EDIT : the last cudaMemcpy returns the error "the launch timed out and was terminated".

linux has a watchdog mechanism. If your kernel runs for a long time (you say it is slow in debug mode) you can hit the linux watchdog, and receive the "launch timed out and was terminated" error.
In this case you have several things you might try. The options are covered here.
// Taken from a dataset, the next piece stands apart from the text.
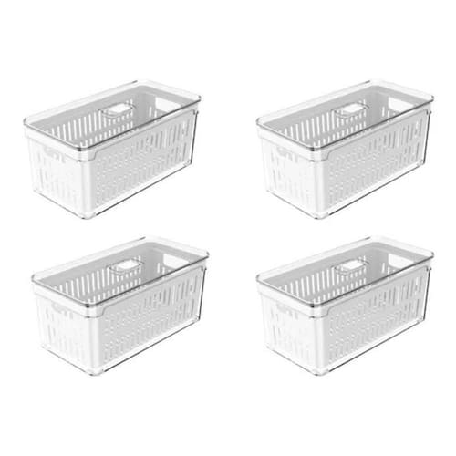 4 Organizadores De Geladeira 5l Com Escorredor Fresh Clear SELLERSKU: F6027 Cor: Transparente F6027

CUDA: please help me to find error in my code

There's code, that uses GPU:
__global__ void gpu_process(float* input, float* weights, float* output, int psize, int size)
{
int i = blockIdx.x*blockDim.x + threadIdx.x;
int j = blockIdx.y*blockDim.y + threadIdx.y;
if(i < psize && j < size)
output[j] += input[i] * weights[i * size + j];
}
void process(float* input, float* weights, float* output, size_t psize, size_t size)
{
float* in_d, *w_d, *out_d;
cudaMalloc((void**)&in_d, psize * sizeof(float));
cudaMalloc((void**)&w_d, psize * size * sizeof(float));
cudaMalloc((void**)&out_d, size * sizeof(float));
for(size_t i = 0; i < size; i++)
output[i] = 0;
cudaMemcpy(in_d, input, psize * sizeof(float), cudaMemcpyHostToDevice);
cudaMemcpy(w_d, weights, psize * size * sizeof(float), cudaMemcpyHostToDevice);
cudaMemcpy(out_d, output, size * sizeof(float), cudaMemcpyHostToDevice);
int rx = psize, ry = size, block_x = min((int)psize, 32), block_y = min((int)size, 32);
dim3 dimBlock(block_x, block_y);
dim3 dimGrid(ceil(float(rx) / block_x), ceil(float(ry) / block_y));
gpu_process<<<dimGrid, dimBlock>>>(in_d, w_d, out_d, psize, size);
cudaThreadSynchronize();
cudaMemcpy(output, out_d, size * sizeof(float), cudaMemcpyDeviceToHost);
cudaFree(in_d);
cudaFree(out_d);
cudaFree(w_d);
}
There's code, that do the same thing, but uses only CPU:
int blockIdxx, blockIdxy, blockDimx, blockDimy, threadIdxx, threadIdxy;
void cpu_process(float* input, float* weights, float* output, int psize, int size)
{
int i = blockIdxx*blockDimx + threadIdxx;
int j = blockIdxy*blockDimy + threadIdxy;
if(i < psize && j < size)
output[j] += input[i] * weights[i * size + j];
}
void process(float* input, float* weights, float* output, size_t psize, size_t size)
{
for(size_t i = 0; i < size; i++)
output[i] = 0;
int rx = psize, ry = size, block_x = min((int)psize, 32), block_y = min((int)size, 32);
blockDimx = block_x;
blockDimy = block_y;
int gridDimx = ceil(float(rx) / block_x), gridDimy = ceil(float(ry) / block_y);
for(blockIdxx = 0; blockIdxx < gridDimx; blockIdxx++)
for(blockIdxy = 0; blockIdxy < gridDimy; blockIdxy++)
for(threadIdxx = 0; threadIdxx < blockDimx; threadIdxx++)
for(threadIdxy = 0; threadIdxy < blockDimy; threadIdxy++)
cpu_process(input, weights, output, psize, size);
}
Why CPU variant works correctly but GPU variant returns garbage in output? What differs in
Version of cuda-toolkit: 4.0
OS: Debian GNU/Linux, cuda installed from it's repositories.
GPU: NVIDIA GeForce GT 525M.

cudaThreadSyncronize is deprecated and should not be used, instead use cudaDeviceSyncronize, check the error codes of these, since they will return an error if a thread has failed. These also block all code thereafter until the task is completed, so you could also add some timing code inbetween to find bottlenecks.